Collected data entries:

_ _ _ _ _

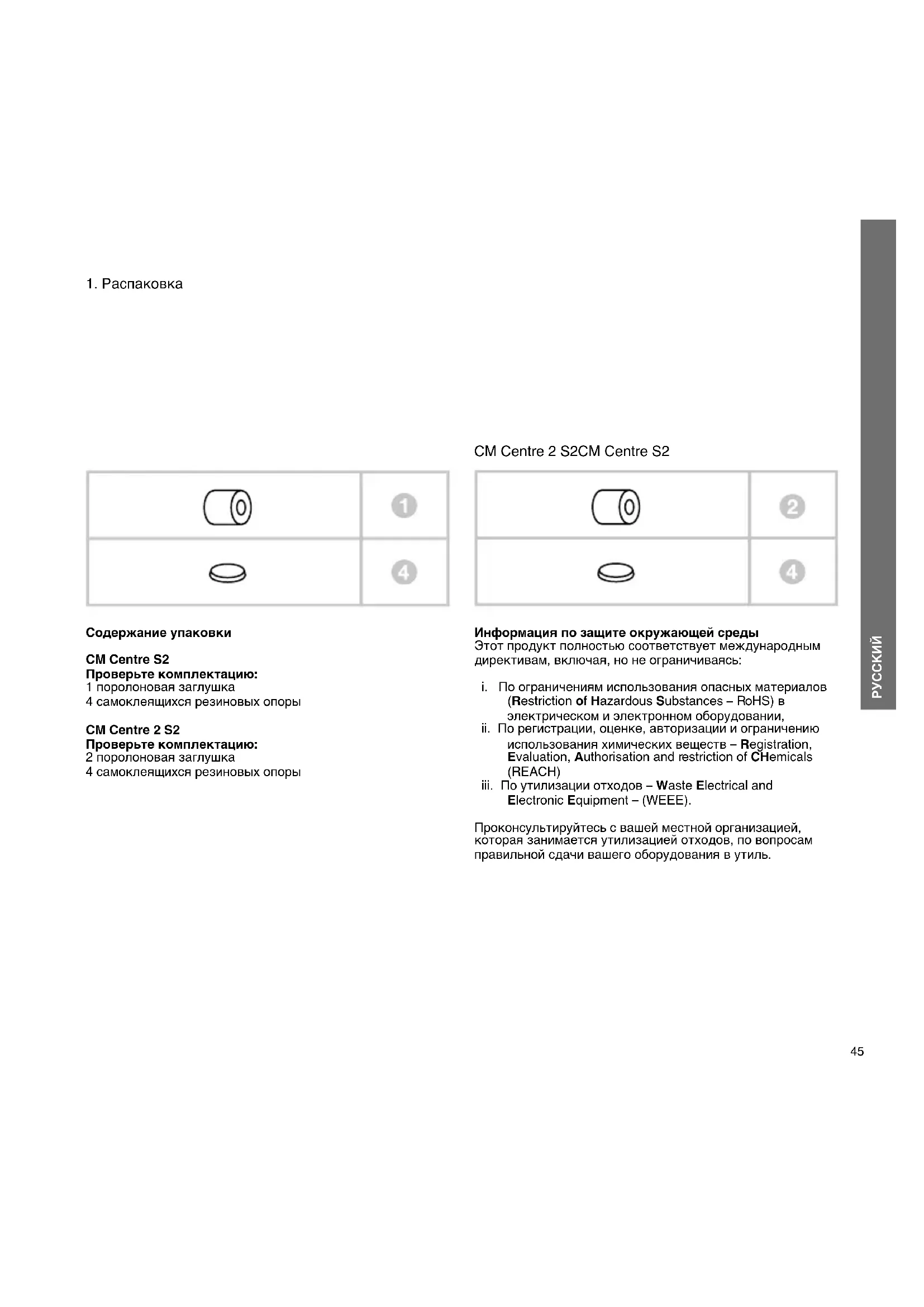 Содержание упаковки CM Centre S2 Проверьте комплектацию: 1 поролоновая заглушка 4 самоклеящихся резиновых опоры CM Centre 2 S2 Проверьте комплектацию: 2 поролоновая заглушка 4 самоклеящихся резиновых опоры Информация по защите окружающей среды Этот продукт полностью соответствует международным директивам, включая, но не ограничиваясь:
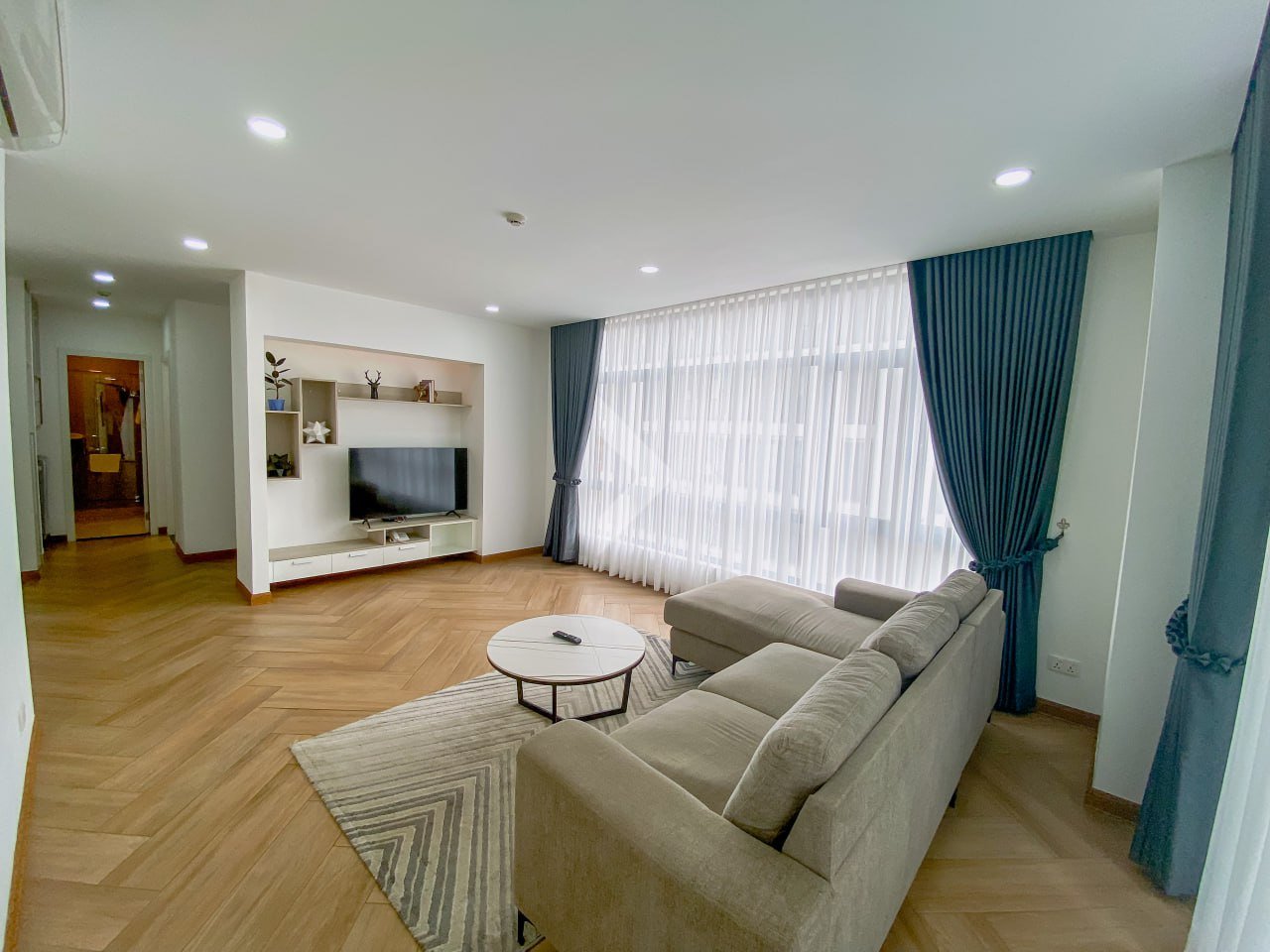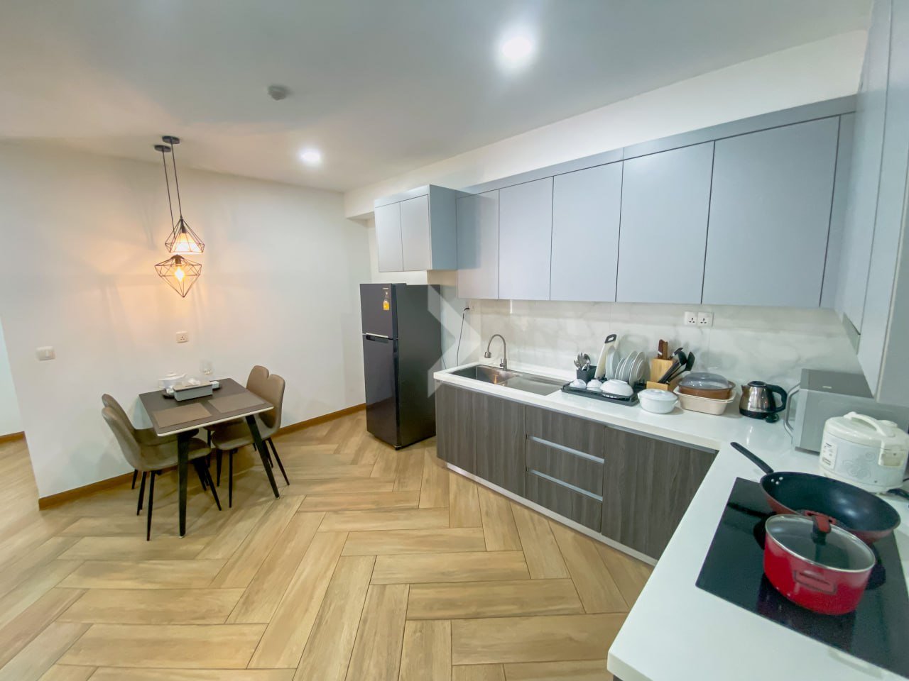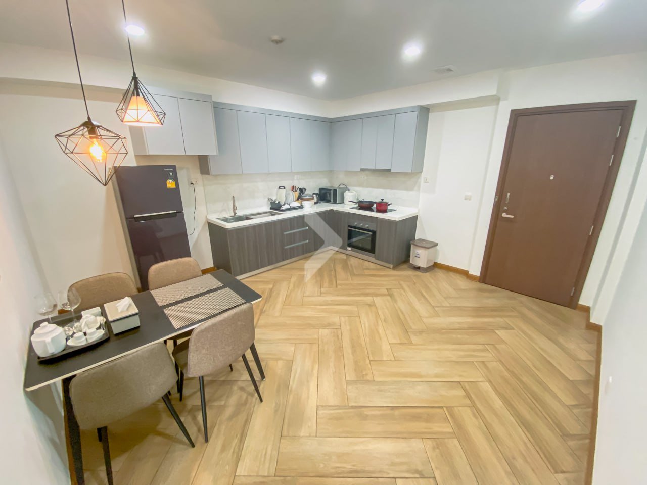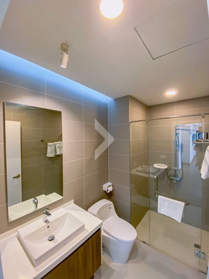 Inside, the apartment features a large and welcoming living area, a modern kitchen with a built-in closet, a digital touch electric stove with oven, microwave, and a stainless steel sink. It also comes fully equipped with a washing machine, refrigerator, smart TV, wireless internet access, and cable TV for your convenience.
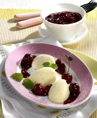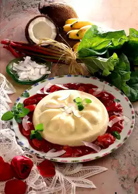 Apricot Cream With Chocolate Crunchy Pralines And Melissa Decoration
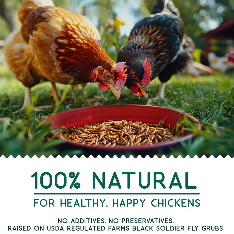 - High Calcium Chicken Treats:These black soldier fly larvae provides more calcium than mealworms; robust protein content (36 to 42 percent) and beneficial fats ensure healthy birds
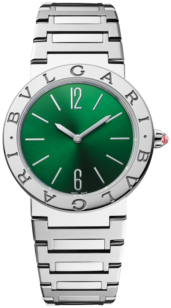 • Polished steel bezel engraved with the iconic BVLGARI•BVLGARI logo.
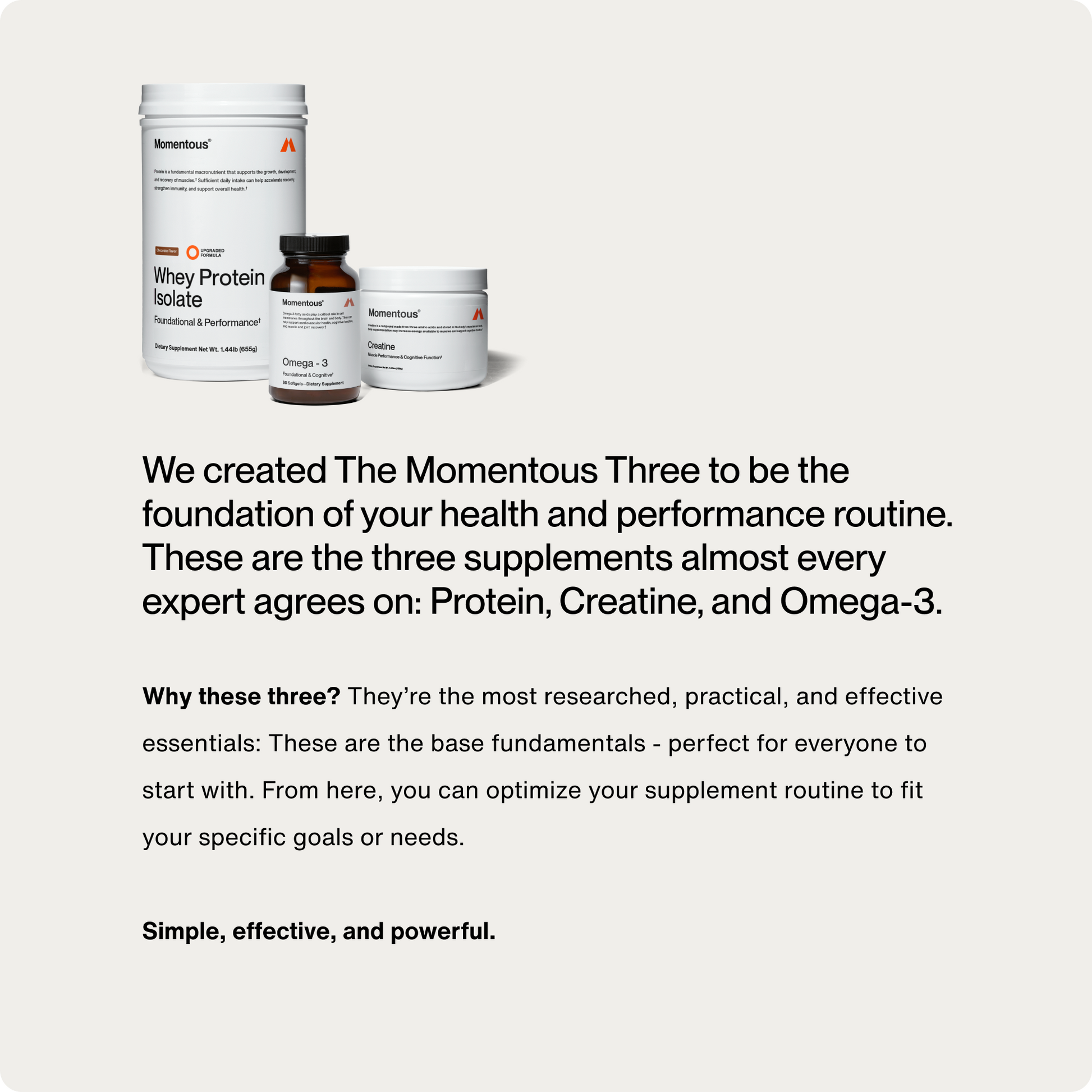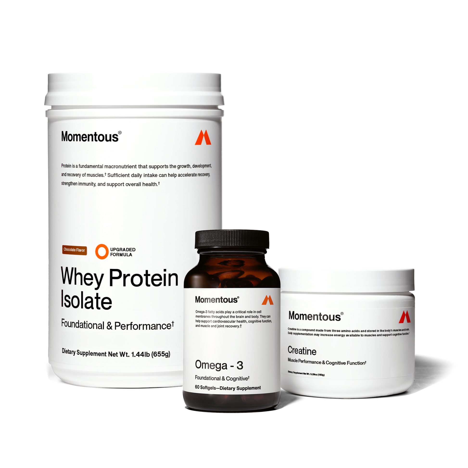Protein. Creatine. Omega-3. These are the 3 nutrients our expert research shows to be the foundation of long-term health and enhanced muscle and cognitive performance. Taken daily, this protocol supports every cellular function of the brain and body.

_ _ _ _ _

- WHAT IS BEING ASKED: Any picture in the data is to be skipped, while each line is returned exactly as written.

- SOLUTION FOR THIS TASK:
 Содержание упаковки CM Centre S2 Проверьте комплектацию: 1 поролоновая заглушка 4 самоклеящихся резиновых опоры CM Centre 2 S2 Проверьте комплектацию: 2 поролоновая заглушка 4 самоклеящихся резиновых опоры Информация по защите окружающей среды Этот продукт полностью соответствует международным директивам, включая, но не ограничиваясь:
 Inside, the apartment features a large and welcoming living area, a modern kitchen with a built-in closet, a digital touch electric stove with oven, microwave, and a stainless steel sink. It also comes fully equipped with a washing machine, refrigerator, smart TV, wireless internet access, and cable TV for your convenience.
 Apricot Cream With Chocolate Crunchy Pralines And Melissa Decoration
 - High Calcium Chicken Treats:These black soldier fly larvae provides more calcium than mealworms; robust protein content (36 to 42 percent) and beneficial fats ensure healthy birds
 • Polished steel bezel engraved with the iconic BVLGARI•BVLGARI logo.
Protein. Creatine. Omega-3. These are the 3 nutrients our expert research shows to be the foundation of long-term health and enhanced muscle and cognitive performance. Taken daily, this protocol supports every cellular function of the brain and body.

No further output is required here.